Diroma Maria Angela, Lubisco Paolo, Attimonelli Marcella
Department of Biosciences, Biotechnologies and Biopharmaceutics, University of Bari, Bari, 70126, Italy.
BMC Bioinformatics. 2016 Nov 8;17(Suppl 12):338. doi: 10.1186/s12859-016-1193-4.
The abundance of biological data characterizing the genomics era is contributing to a comprehensive understanding of human mitochondrial genetics. Nevertheless, many aspects are still unclear, specifically about the variability of the 22 human mitochondrial transfer RNA (tRNA) genes and their involvement in diseases. The complex enrichment and isolation of tRNAs in vitro leads to an incomplete knowledge of their post-transcriptional modifications and three-dimensional folding, essential for correct tRNA functioning.
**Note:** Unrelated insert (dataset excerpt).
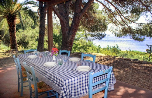 The villa is in the Tuscan Archipelago National Park, surrounded by a private garden of Mediterranean scrub; centuries-old pine trees, olive trees, eucalyptus trees, oleanders, prickly pears, rosemary, almond trees and strawberry trees..

An accurate annotation of mitochondrial tRNA variants would be definitely useful and appreciated by mitochondrial researchers and clinicians since the most of bioinformatics tools for variant annotation and prioritization available so far cannot shed light on the functional role of tRNA variations.
To this aim, we updated our MToolBox pipeline for mitochondrial DNA analysis of high throughput and Sanger sequencing data by integrating tRNA variant annotations in order to identify and characterize relevant variants not only in protein coding regions, but also in tRNA genes. The annotation step in the pipeline now provides detailed information for variants mapping onto the 22 mitochondrial tRNAs. For each mt-tRNA position along the entire genome, the relative tRNA numbering, tRNA type, cloverleaf secondary domains (loops and stems), mature nucleotide and interactions in the three-dimensional folding were reported. Moreover, pathogenicity predictions for tRNA and rRNA variants were retrieved from the literature and integrated within the annotations provided by MToolBox, both in the stand-alone version and web-based tool at the Mitochondrial Disease Sequence Data Resource (MSeqDR) website. All the information available in the annotation step of MToolBox were exploited to generate custom tracks which can be displayed in the GBrowse instance at MSeqDR website.
To the best of our knowledge, specific data regarding mitochondrial variants in tRNA genes were introduced for the first time in a tool for mitochondrial genome analysis, supporting the interpretation of genetic variants in specific genomic contexts.
基因组学时代丰富的生物学数据有助于全面理解人类线粒体遗传学。然而,许多方面仍不清楚,特别是关于22个人类线粒体转移RNA(tRNA)基因的变异性及其与疾病的关系。tRNA在体外的复杂富集和分离导致对其转录后修饰和三维折叠的认识不完整,而这些对于tRNA的正确功能至关重要。线粒体tRNA变异体的准确注释对于线粒体研究人员和临床医生肯定是有用且受欢迎的,因为迄今为止可用的大多数用于变异体注释和优先级排序的生物信息学工具无法阐明tRNA变异的功能作用。
为此,我们更新了用于高通量和桑格测序数据线粒体DNA分析的MToolBox流程,整合了tRNA变异体注释,以便不仅在蛋白质编码区域,而且在tRNA基因中识别和表征相关变异体。流程中的注释步骤现在为映射到22个线粒体tRNA上的变异体提供详细信息。对于整个基因组中每个线粒体tRNA位置,报告了相对tRNA编号、tRNA类型、三叶草二级结构域(环和茎)、成熟核苷酸以及三维折叠中的相互作用。此外,从文献中检索了tRNA和rRNA变异体的致病性预测,并整合到MToolBox提供的注释中,包括独立版本和线粒体疾病序列数据资源(MSeqDR)网站的基于网络的工具中。利用MToolBox注释步骤中可用的所有信息生成自定义轨迹,可在MSeqDR网站的GBrowse实例中显示。
据我们所知,在用于线粒体基因组分析的工具中首次引入了关于tRNA基因中线粒体变异体的特定数据,支持在特定基因组背景下对遗传变异体的解释。